Simple metric tensor question

  • #1
JTC
100
6
Good Day,

Another fundamentally simple question...

if I go here;

http://www-hep.physics.uiowa.edu/~vincent/courses/29273/metric.pdf

I see how to calculate the metric tensor. The process is totally clear to me.

My question involves LANGUAGE and the ORIGIN

LANGUAGE: Does one say "one calculates the metric tensor that relates the Cartesian coordinate system to the spherical coordinate system?" How should I say that?

ORIGIN: So I can calculate the metric tensor (and, again, please correct my language), that relates the Cartesian and Cylindrical, the Cylindrical and Spherical, etc...

But how does one get the original metric tensor for the Cartesian (the identity matrix)? What doe that relate?
It seems to me I need two coordinate systems to do this process.

As I begin to calculate derivatives (see the fourth equation on that PDF above), what am I taking the derivative of and with respect to what? What gets me the metric tensor for the Cartesian that "starts the ball rolling?" (so to speak)
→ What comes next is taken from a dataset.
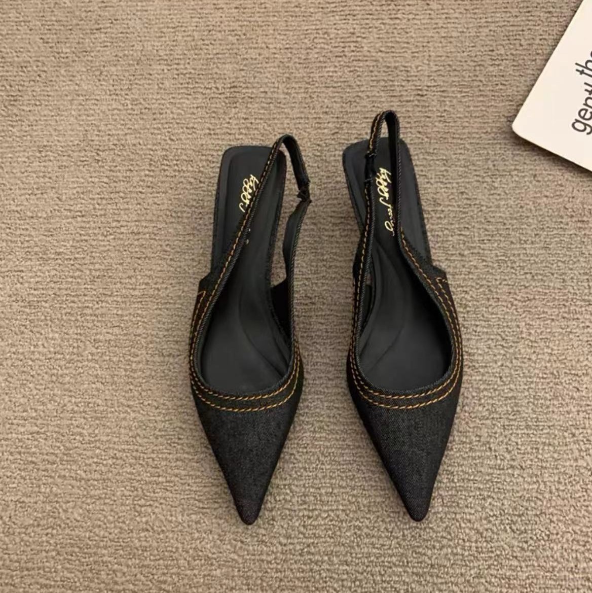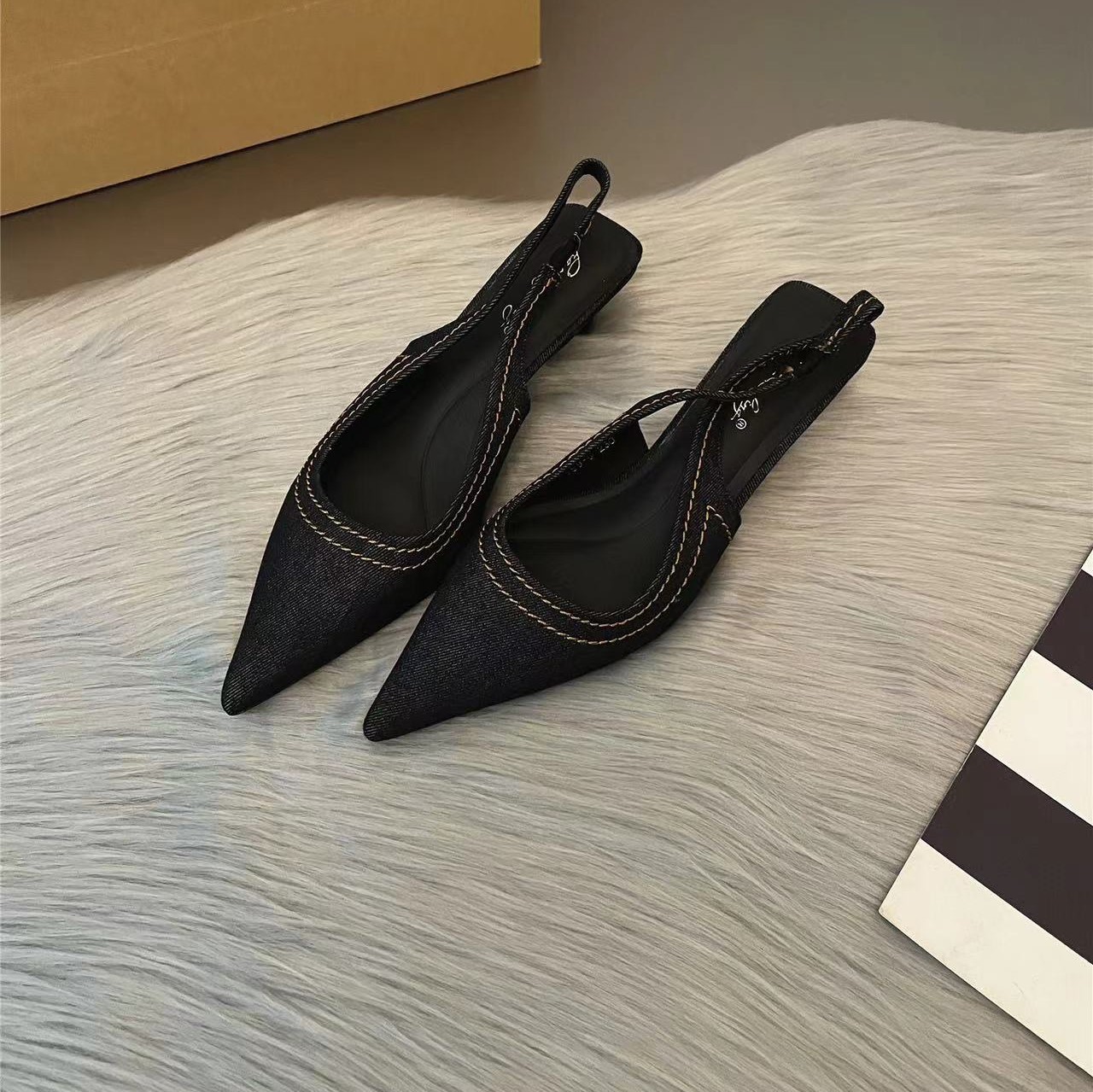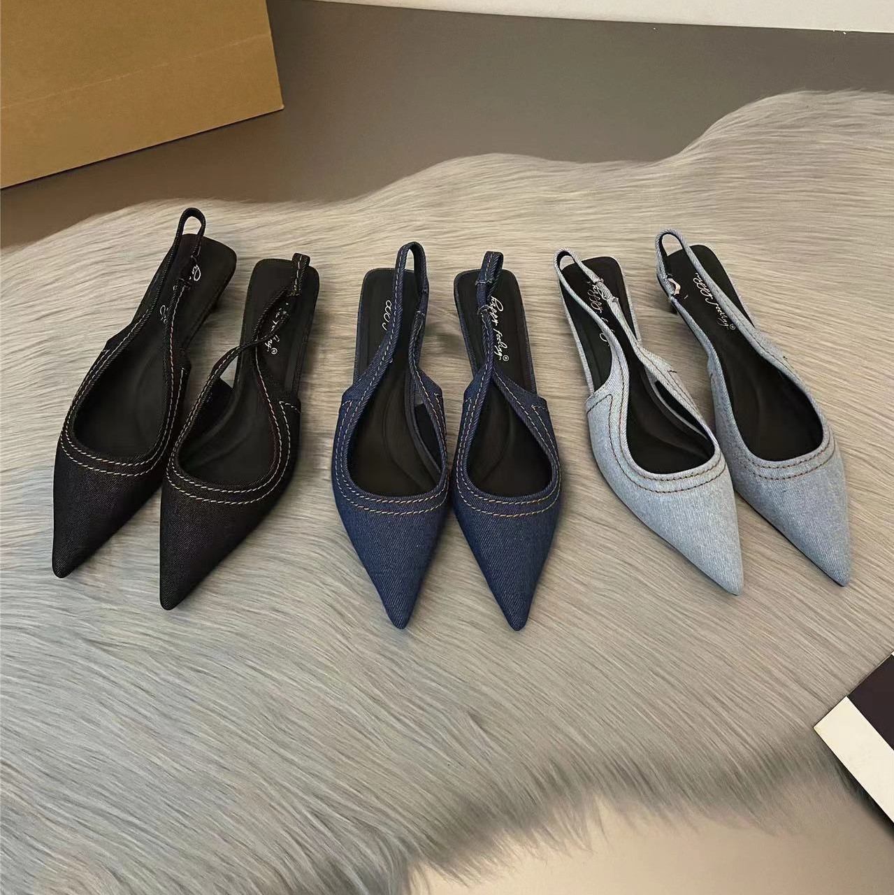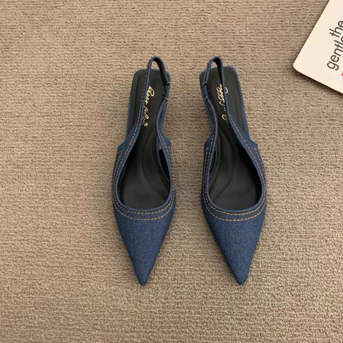 2025 봄 신상 여성화 하이힐 블루 데님 캣힐 포인티드 토 백 토 하이힐 샌들스토어 가기

And while you are at it: Go to Frankel "GEOMETRY OF PHYSICS" and go to the bottom of page xxxiv.
What is he doing? I see x1, u1, x and theta. I see no organization to this. Could someone elaborate what derivatives he is taking?
 

Answers and Replies

  • #2
14,170
8,149
Doesn't the cartesian metric tensor come from simply expressing the pythagorean theorem in tensor form?
 
  • #3
WWGD
Science Advisor
Gold Member
6,291
8,135
I think you can say that you calculate the metric tensor _in_ so-and-so coordinates. Basically , non-identity coefficients in the metric tensor show the existence of curvature in the space. Maybe if you give us a link from, e.g., Google books, we can read Frankel's book, otherwise I, at least, don't have access to the book. In the treatment I am familiar with , one uses a parametrization ##u=f(x_1,x_2,..,x_n) ## and then just applies the exterior differential to each x_i and subs in into ## dx^2 =dx_1^2+...+dx_n^2 ##.
 
  • #4
Orodruin
Staff Emeritus
Science Advisor
Homework Helper
Insights Author
Gold Member
20,004
10,647
I think you can say that you calculate the metric tensor _in_ so-and-so coordinates.
What you compute are usually the components of the metric tensor in some given coordinates.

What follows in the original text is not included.